Provided information:
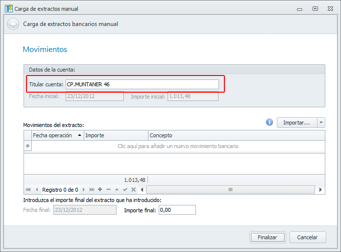 En la ficha de introducción manual de extractos (norma43), se permite la modificación del campo ‘Titular de la cuenta’.
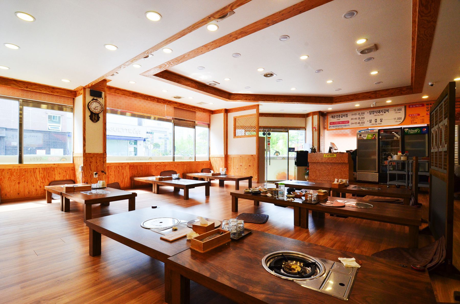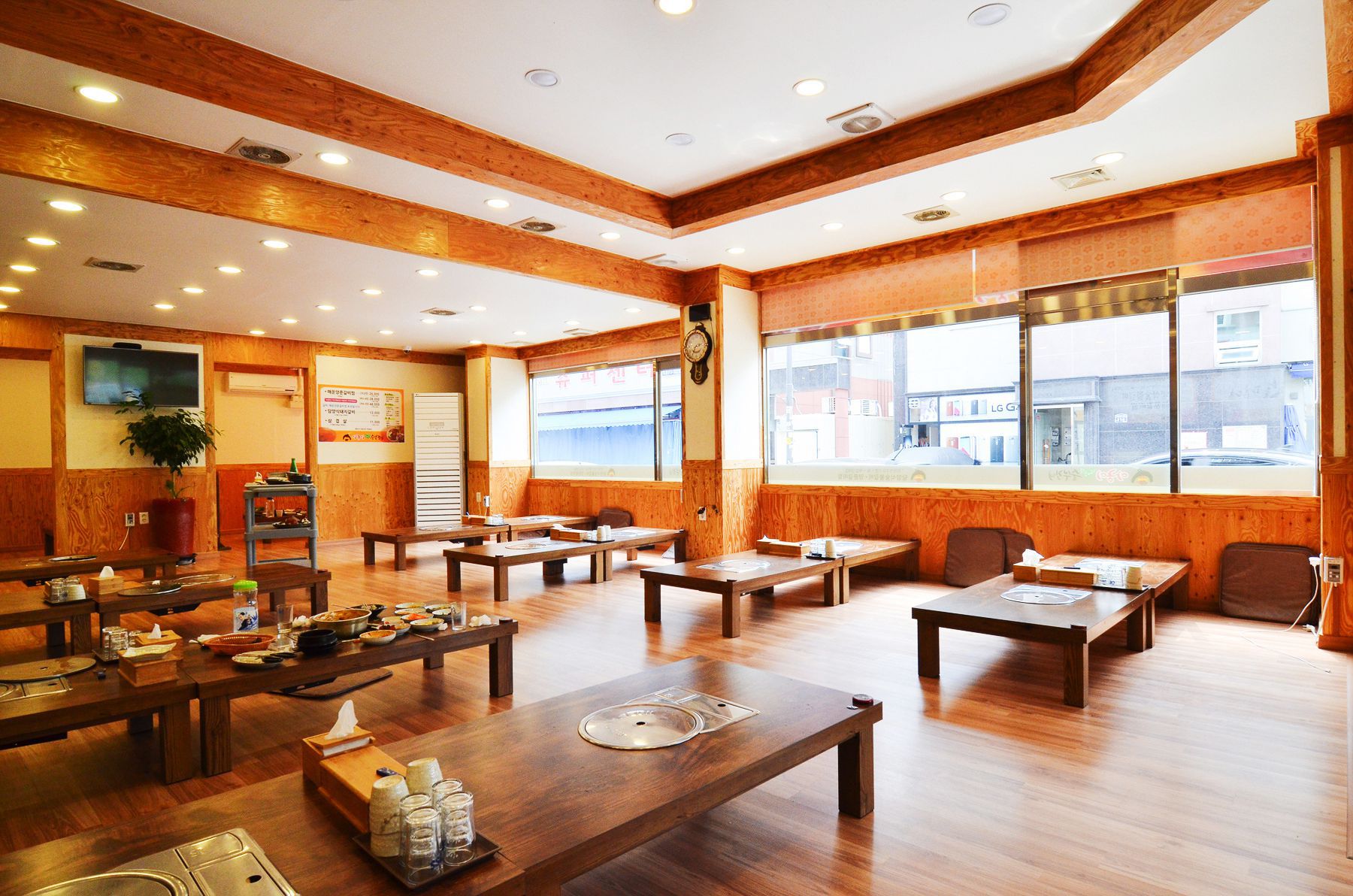 깔끔한인테리어와 테이블이 20개가 준비되어있는 50~60명의 단체손님들도 한번에 수용가능하며
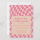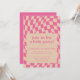 Celebrate in style with this retro-inspired baby shower invitation featuring a trendy wavy chequered pattern in pink. With customisable text and a vibrant colour palette, this modern yet playful design sets the perfect tone for a fun and memorable celebration. Personalise the details to make it uniquely yours!
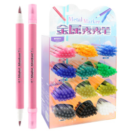 Plastový stojan + obojstranné fixy Metal Marker v 12-tich farbách po 18 ks.
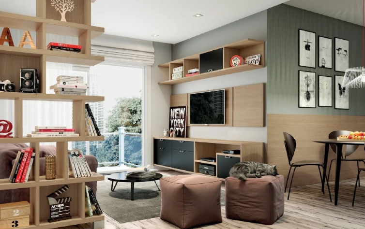 As estantes, além de permitirem a maior entrada de luz, servem para decorar seu ambiente, podendo ser suporte para objetos e livros.
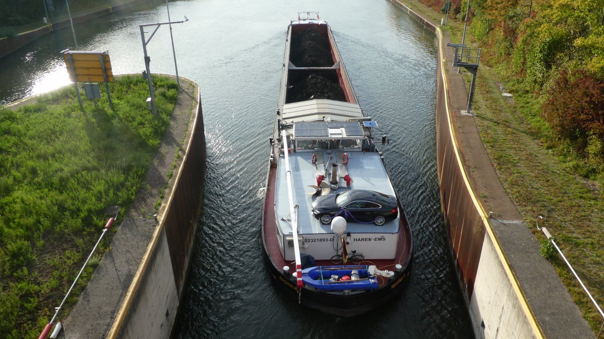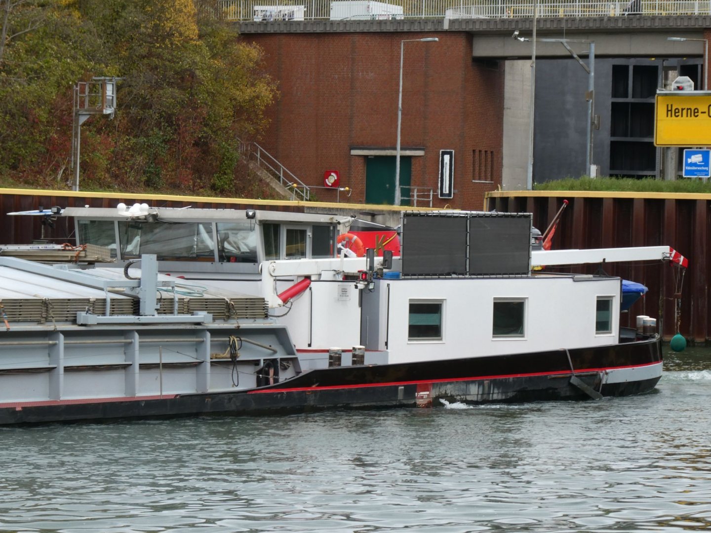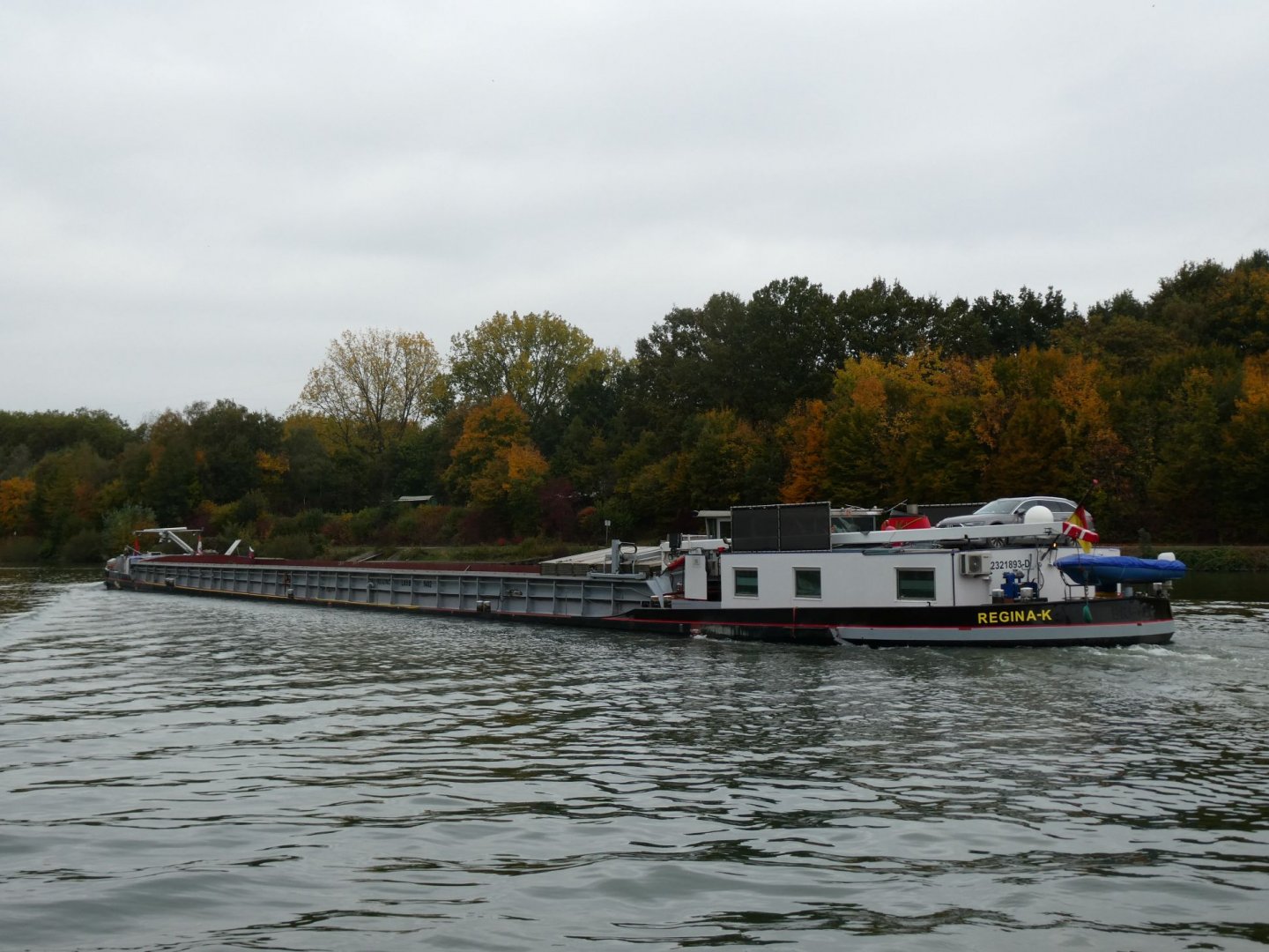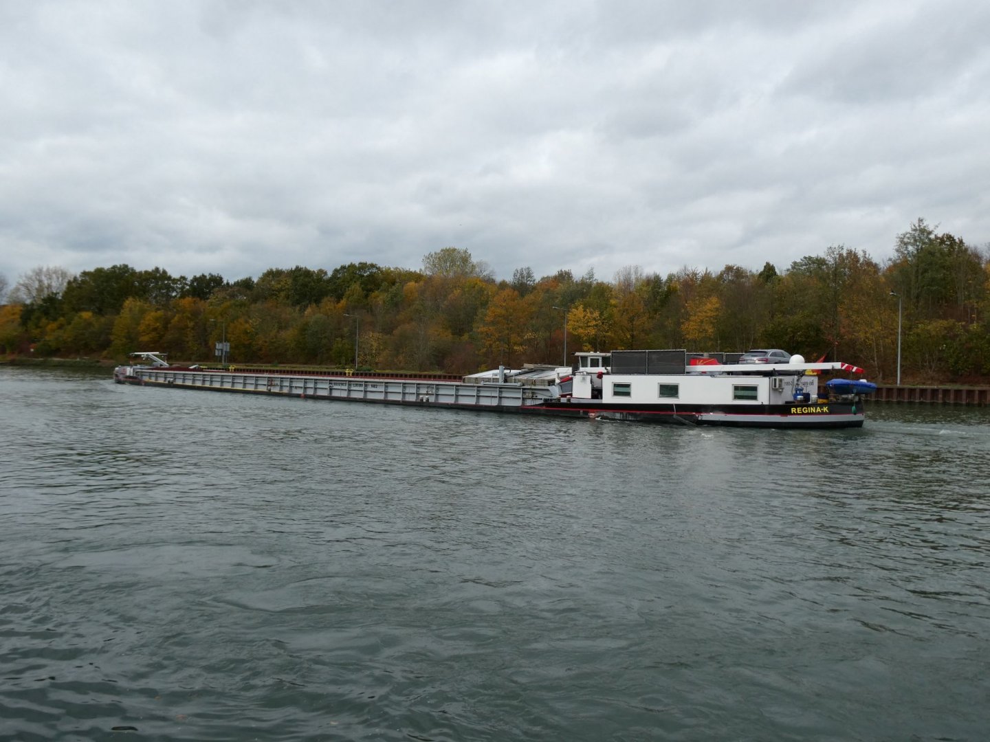 die Regina-K im Okt. bei der Ausfahrt aus der Schleuse Herne-Ost zu Tal.

Task to carry out: Write every line above again exactly, but leave the pictures out.

Exercise response:
 En la ficha de introducción manual de extractos (norma43), se permite la modificación del campo ‘Titular de la cuenta’.
 깔끔한인테리어와 테이블이 20개가 준비되어있는 50~60명의 단체손님들도 한번에 수용가능하며
 Celebrate in style with this retro-inspired baby shower invitation featuring a trendy wavy chequered pattern in pink. With customisable text and a vibrant colour palette, this modern yet playful design sets the perfect tone for a fun and memorable celebration. Personalise the details to make it uniquely yours!
 Plastový stojan + obojstranné fixy Metal Marker v 12-tich farbách po 18 ks.
 As estantes, além de permitirem a maior entrada de luz, servem para decorar seu ambiente, podendo ser suporte para objetos e livros.
 die Regina-K im Okt. bei der Ausfahrt aus der Schleuse Herne-Ost zu Tal.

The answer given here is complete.